NEW DELHI : India’s manufacturing sector has failed to capitalize on multinational companies’ efforts to diversify supply chains away from China, foreign direct investment (FDI) data shows, even as manufacturing continues to shrink at the northern neighbour. Expectations of higher inflows into Indian manufacturing had taken root as China’s purchasing managers’ index (PMI) for manufacturing contracted in seven of the last 12 months, as Beijing struggles to reopen its economy after exiting its controversial zero-covid policy early this year. India’s PMI for manufacturing did not contract in the past year, but against expectations, FDI inflows fell 22% to $46.03 billion in FY23 amid high inflation and recessionary trends in developed economies.
“The ‘China plus one’ story is not confirmed from the investment data.

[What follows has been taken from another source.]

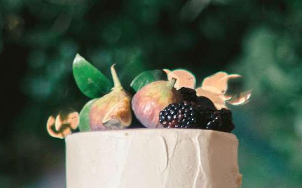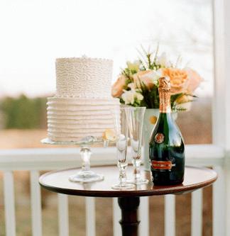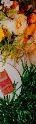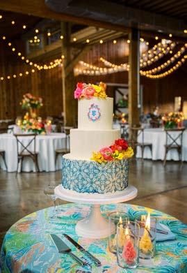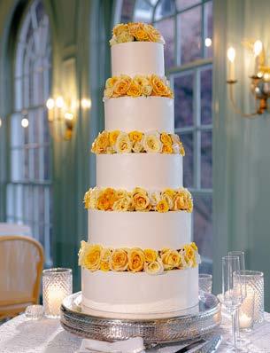 popular now, whether made of buttercream or gum paste or actual fresh flowers. Another popular style is “cakes that look like something your grandmother would have had at her wedding”—decoratively iced with bows and scrolls. The latest trend is millefoglie, an Italian dessert made with vanilla custard and fresh fruit between layers of puff pastry—large, round and flat, unlike the tiered tower.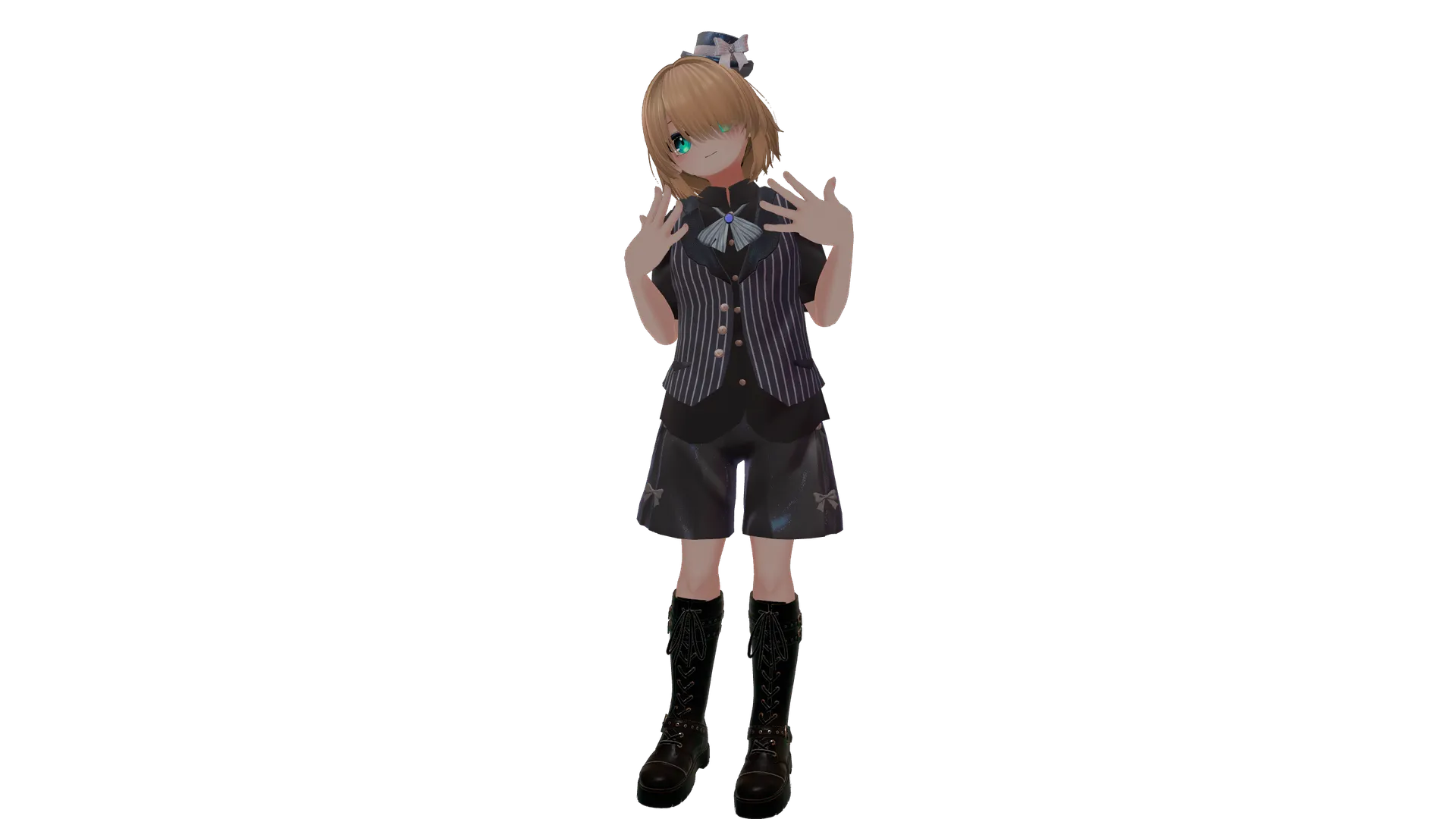 ハオラン君をやんちゃなお坊ちゃん風にしてみました。nn髪型はカリンちゃん用を調整しています。nブーツと髪型でやんちゃな感じが出たかなと思っています??nnアバター:【オリジナル3Dモデル】-ハオラン-HAOLAN/かなリぁさんちn衣装:少年アリス服/はるんち様n髪型:メカクレパンクショートヘア/Zero Gravity Project様nブーツ:long boots 桔梗ちゃん ハオラン君 対応/やわらか快適様

FDI is still pretty subdued," said Biswajit Dhar, professor at Jawaharlal Nehru University. “What we see this year is lower than what we were attracting a few years back.
At a time when China is slowing, if we cannot attract higher FDI, it is a source of concern." ‘China plus one’ refers to global companies’ strategy to expand manufacturing and supply chains to a location in addition to China, where much of it is concentrated now. Madan Sabnavis, chief economist of Bank of Baroda, said India is witnessing industrial stagnation and that companies won’t invest because they are not going to China. The ‘China plus one’ story looks very compelling, but it will take some time before they are convinced, he added.